Typically, Roth IRA accounts follow IRS regulations that dictate the specific type of investments that can be held in them. Generally, these are a mix of bonds, stocks, cash, and mutual funds. However, these funds may not meet your investing criteria or preferences. In a self-directed Roth IRA, you can invest in a broader portfolio of assets than in a traditional or Roth IRA. However, these investments can be riskier, and self-directed Roths generally carry more risk because they can attract fraudulent schemes, high fees, and volatile performance.
Types of Investments
With a self-directed Roth IRA, you can invest in assets that don’t typically meet IRS guidelines, such as promissory notes, precious metals, or other commodities. You can also choose to invest in alternative assets such as tax-lien certificates and private-placement securities—which can introduce even more risk. You’re still able to invest in traditional assets such as stocks and bonds, but the ability to invest in less-conventional assets allows for greater diversification in your portfolio. However, there are some limitations when using one of these accounts. For example, two investments can’t be held in a self-directed Roth IRA—collectibles and life insurance are not allowed in these accounts. A self-directed Roth IRA is a significant undertaking because it differs from a standard Roth IRA. Before opening one, it’s important to learn the requirements and regulations associated with them and find a trustee to work with.
Example of a Self-Directed Roth IRA
Let’s say you opened a self-directed Roth IRA with a custodian bank because you want to purchase and hold precious metals. You would first confirm with the financial institution that they can act as a custodian for your investment in precious metals. Once your due diligence has been completed, and the account opened, you can contribute money to the account as you would with any other IRA. You could transfer funds from another IRA. The distribution rules, taxes, and contribution limits that apply to a standard Roth IRA would still apply to a self-directed Roth IRA.
What It Means for Individual Investors
Before investing in a self-directed Roth IRA, the key factor you should keep in mind is the risks associated with this type of account. Being able to invest in non-traditional assets can lead to problems.
Risks of Fraud
The Securities and Exchange Commission’s (SEC) Office of Investor Education and Advocacy published investor warnings about the risks associated with self-directed IRAs, especially as these accounts open you up to potential fraud.
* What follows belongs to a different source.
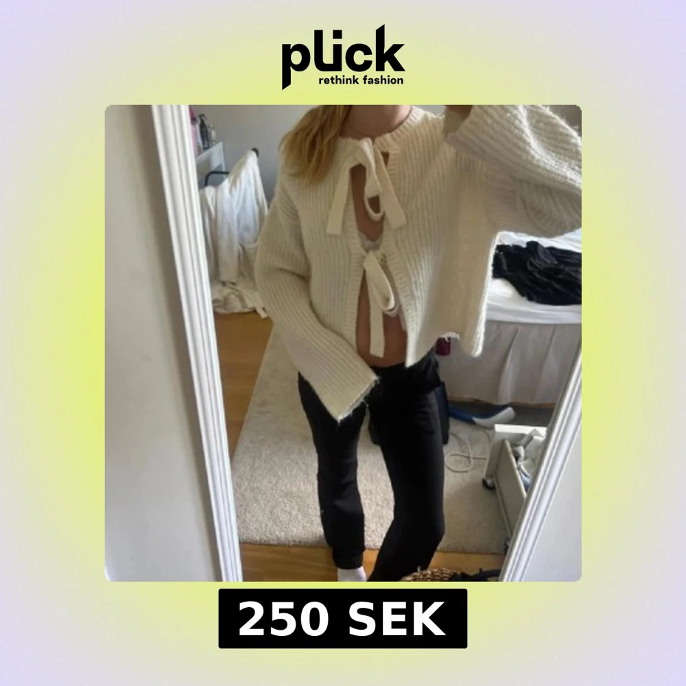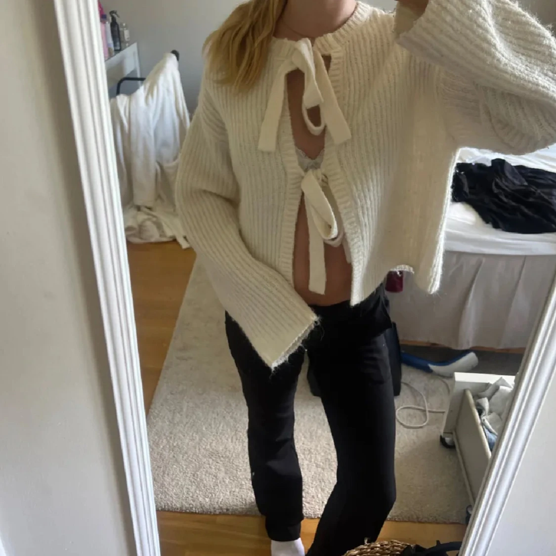 Superfin vit stickad kofta med två stora knytband framtill. Koftan är croppad med breda ärmar och ribbad struktur, perfekt för lager-på-lager och chill vibes.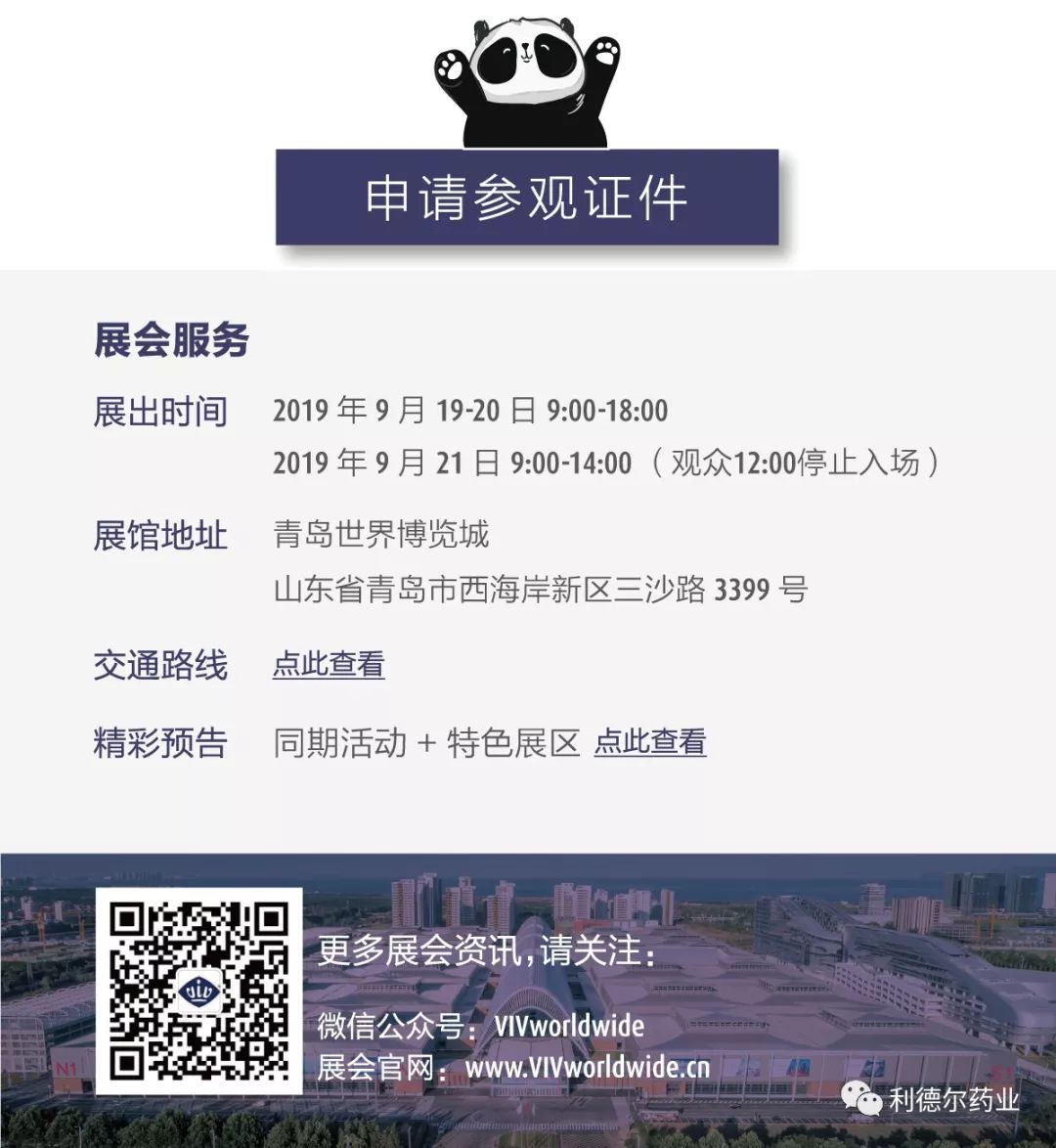 您好!石家莊利德?tīng)杽?dòng)物藥業(yè)有限公司 誠(chéng)摯邀請(qǐng)您于 9 月 19-21 日赴 VIV Qingdao 2019 亞洲國(guó)際集約化畜牧展(青島)現(xiàn)場(chǎng)參觀。共聚青島西海岸,聯(lián)動(dòng)全球話(huà)畜牧。展位號(hào):S3F016 現(xiàn)場(chǎng)更有精美小禮品,期待您的光臨!

For example, you can choose to add digital assets such as cryptocurrencies or tokens to your self-directed Roth IRA, which is a common source of fraud. Predators lure investors into digital assets through initial coin offerings (ICOs) that promise high returns that they can’t guarantee. Digital assets can be excellent investment opportunities, but it is easy to become a victim because the SEC can’t regulate them. One of the reasons self-directed Roth IRAs—and other forms of self-directed IRAs—attract nefarious actors is that it’s easier to exploit these accounts. The custodians and trustees can offer limited protection because they can only validate the assets an investor is choosing or the background of the entity promoting those assets.
How To Protect Yourself
To reduce the risk of fraud, the SEC recommends you take the following steps if you’re interested in these accounts:
Verify self-directed IRA account statements: Because alternative investments can be hard to evaluate, it’s important to independently verify information in your account statement, including prices and asset values. Decline unsolicited investment offers: If an unsolicited investment offer comes your way, ignore it. It is likely an attempt to lure you into transferring money from a standard IRA account into a self-directed IRA to become a victim. Consult an unbiased source and do your research: If anyone offers you an investment, confirm whether or not that investment is registered or licensed. It can be helpful to confirm these answers with unbiased sources such as your state securities regulator or the SEC. Don’t fall for “guaranteed” returns: All investments come with risk, so if anyone promises you a guaranteed return, be very wary of their claim. Hire a professional: When investing in an alternative asset, get a second opinion from an unbiased lawyer or investment professional with no interests in the asset.